Stored data entries:
-- Opening Marker --

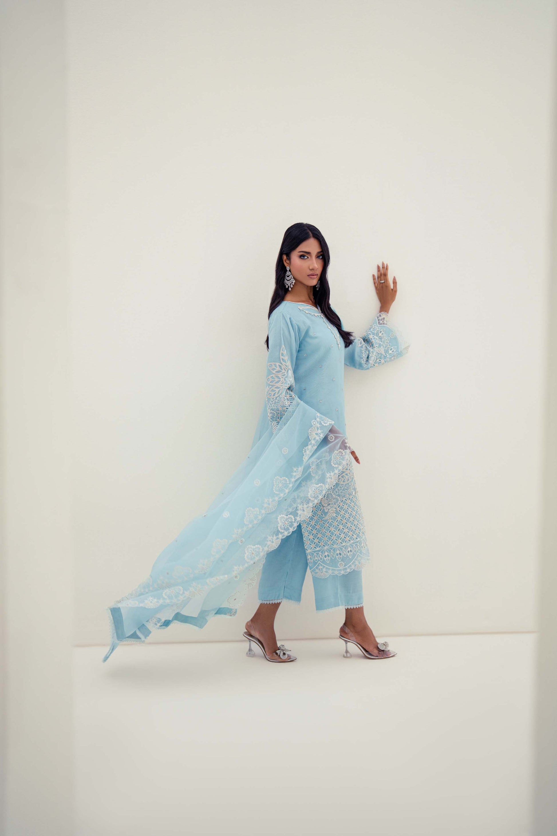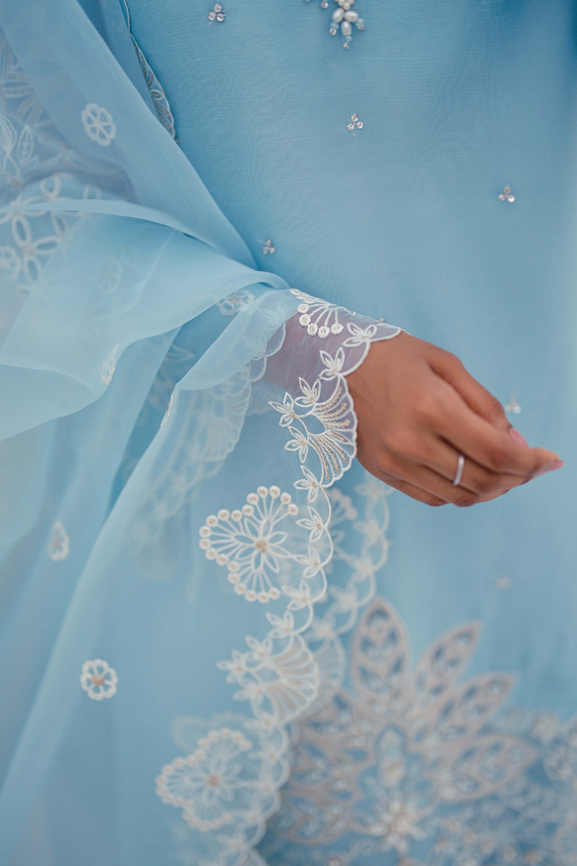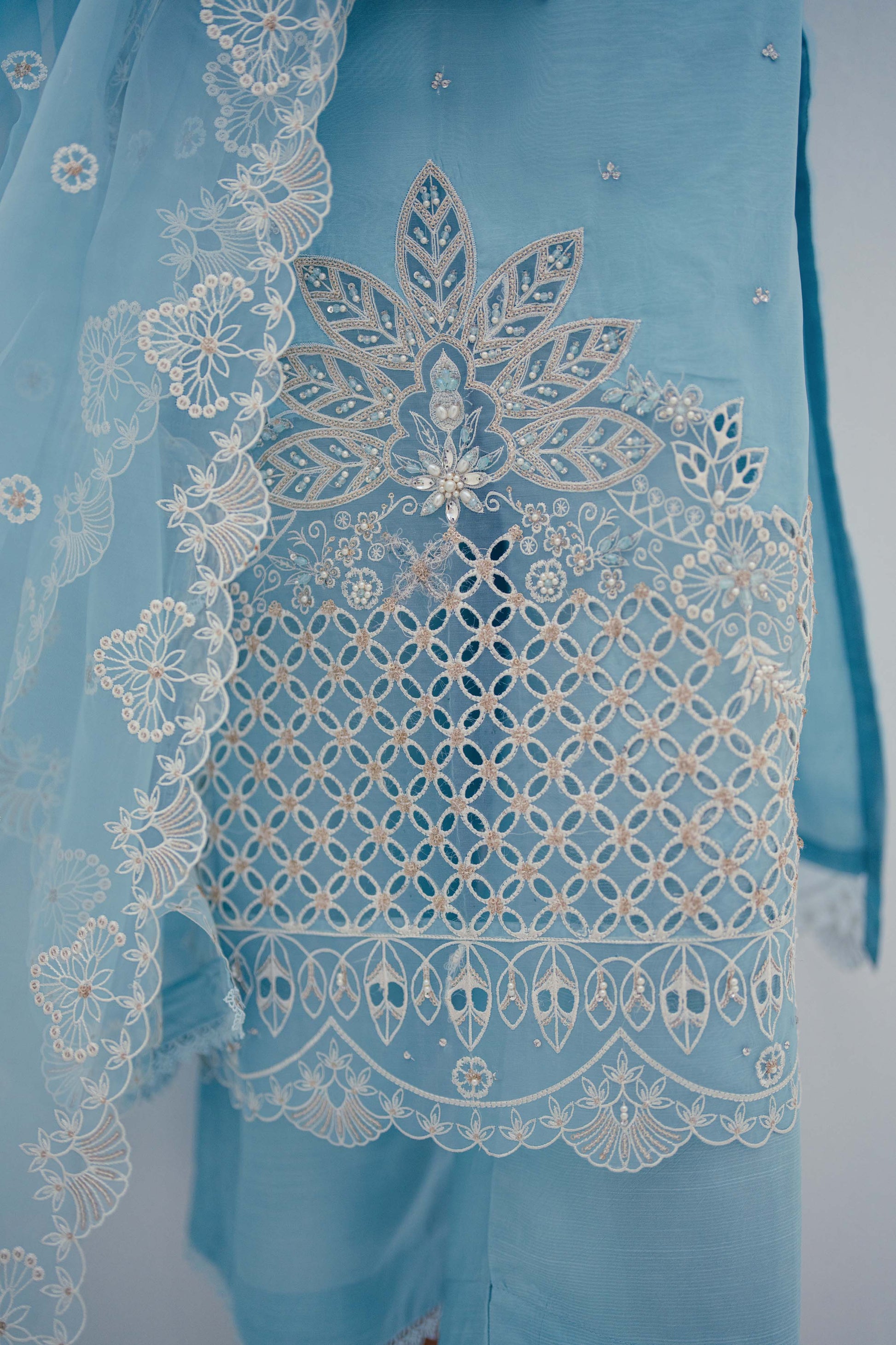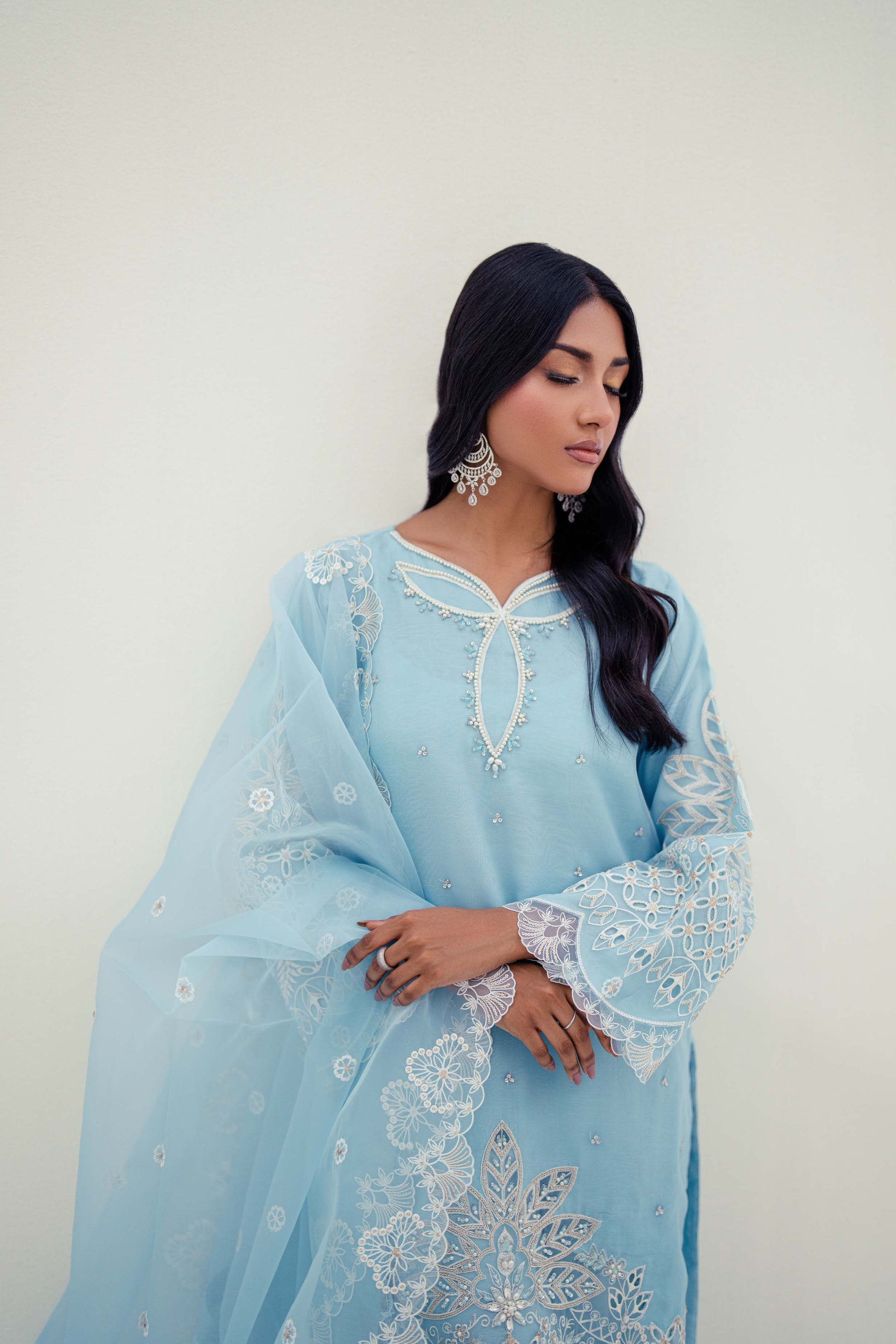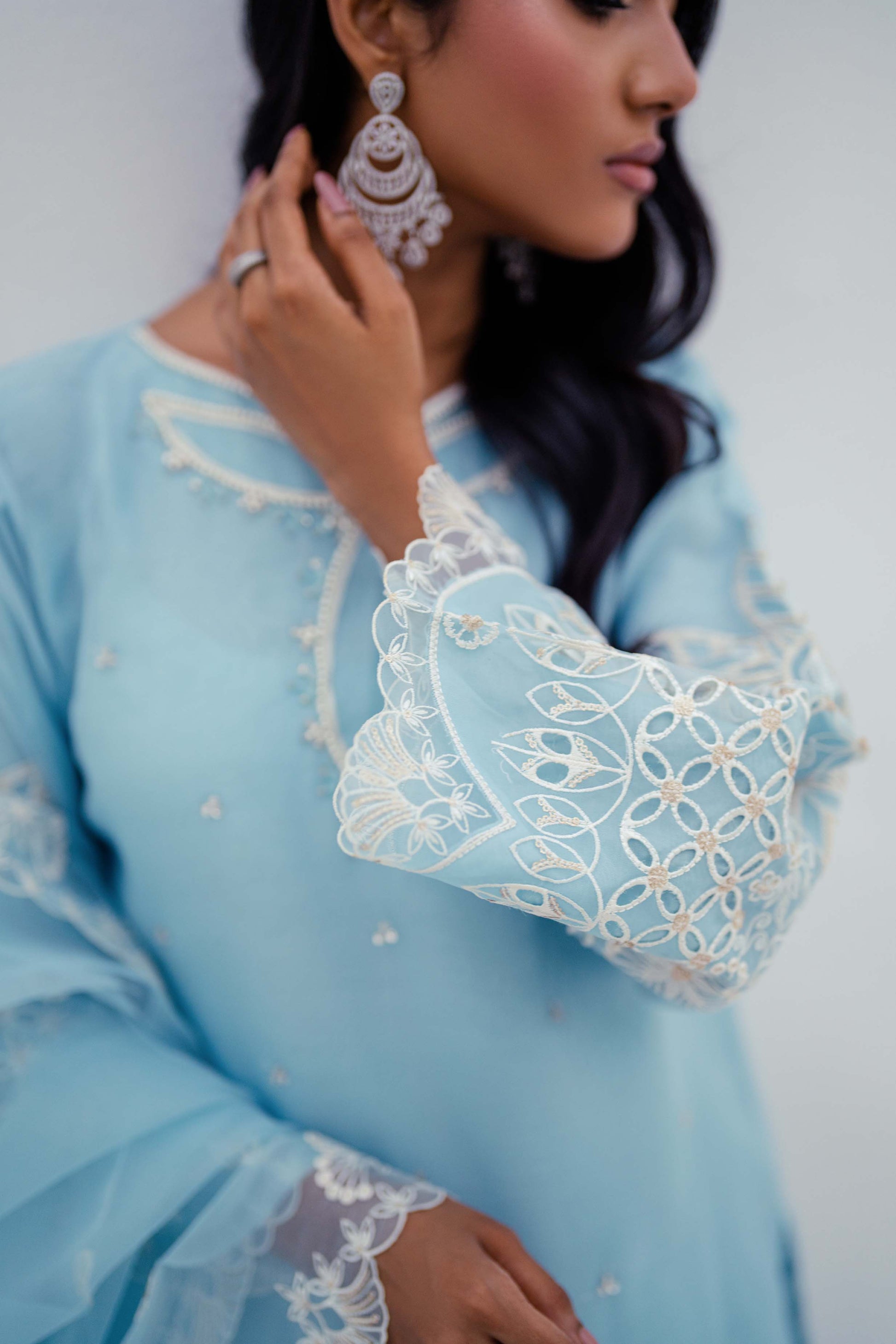 Dupatta: An organza dupatta with refined embroidery and lace accents, creating a flowing, graceful silhouette.
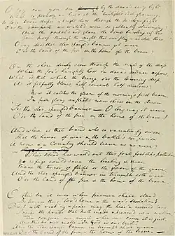 Francis Scott Key's original manuscript copy of his "Defence of Fort M'Henry" poem, now on display at the Maryland Historical Society
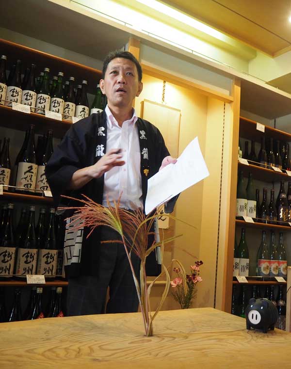 ゼミナール当日、鶴田さんが日本酒造りの工程などを説明した。「日本酒は四季に合った種類と飲み方があり、世界でも珍しい四季を感じられるお酒です」と話し、店主一番押しの秋が旬の「ひやおろし」について解説した。
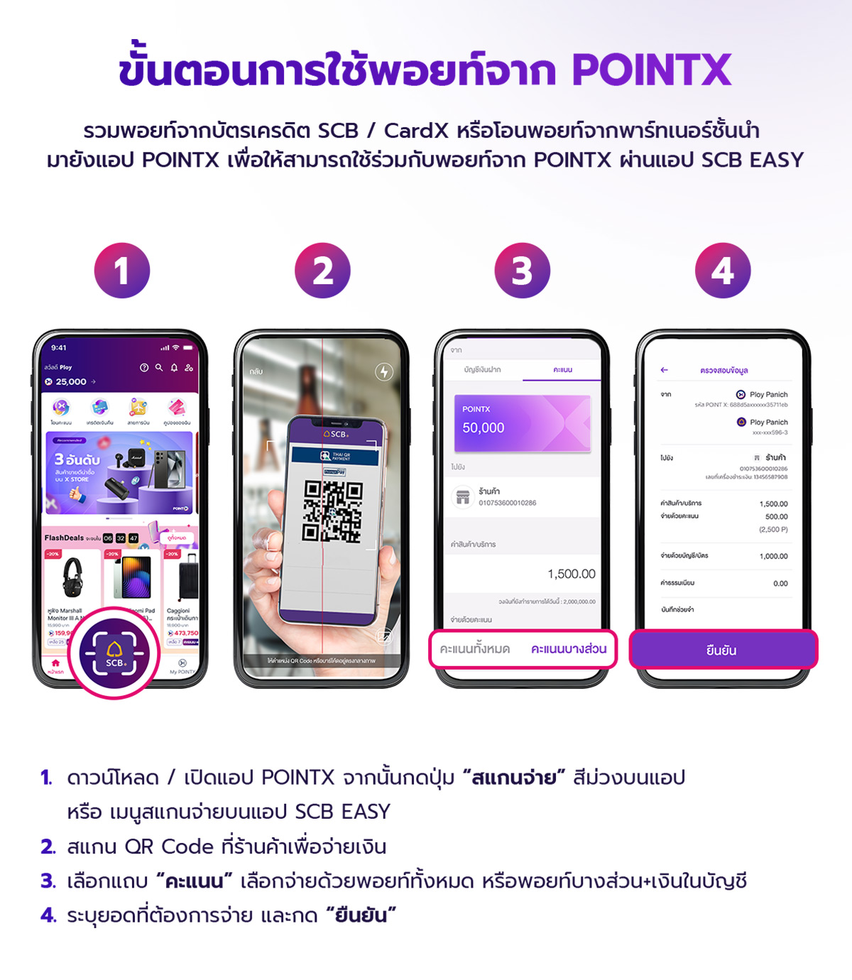 - การแลกคะแนน POINTX เพื่อชำระค่าสินค้าหรือบริการที่ร้านค้าด้วยการสแกนจ่าย QR พร้อมเพย์ ผ่านบริการ SCB Easy Application ลูกค้าต้องมีบัญชีเงินฝากธนาคารไทยพาณิชย์ บน SCB Easy Application เท่านั้น โดยลูกค้าสามารถเลือกชำระด้วยคะแนน POINTX เต็มจำนวน หรือคะแนน POINTX บางส่วนร่วมกับเงินในบัญชีเงินฝากธนาคารไทยพาณิชย์
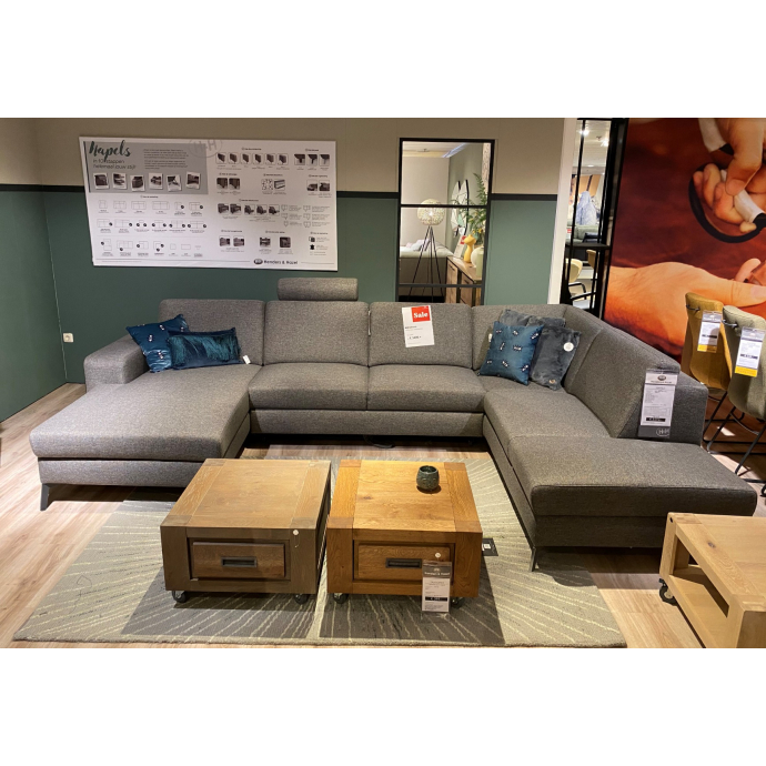 - Opstelling: longchair links + 2,5 zits (zonder armen) + ottomaan rechts;
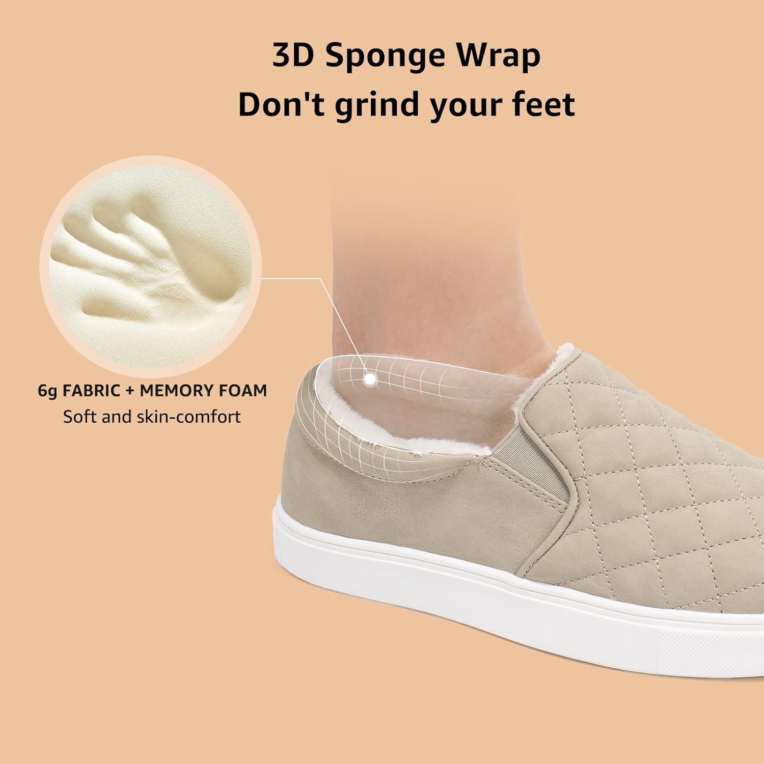 STQ Loafers for Women Memory Foam Slip On Sneakers EleeS Quilted 1.0 Comfort Fall Shoes(Taupe Lined)

-- Closing Marker --

• INSTRUCTIONS TO FOLLOW:
Copy exactly the lines that run from the line containing "- Opstelling: longchair" to the end of the data, keeping both end lines and dropping every picture.

• ANSWER AREA:
 - Opstelling: longchair links + 2,5 zits (zonder armen) + ottomaan rechts;
 STQ Loafers for Women Memory Foam Slip On Sneakers EleeS Quilted 1.0 Comfort Fall Shoes(Taupe Lined)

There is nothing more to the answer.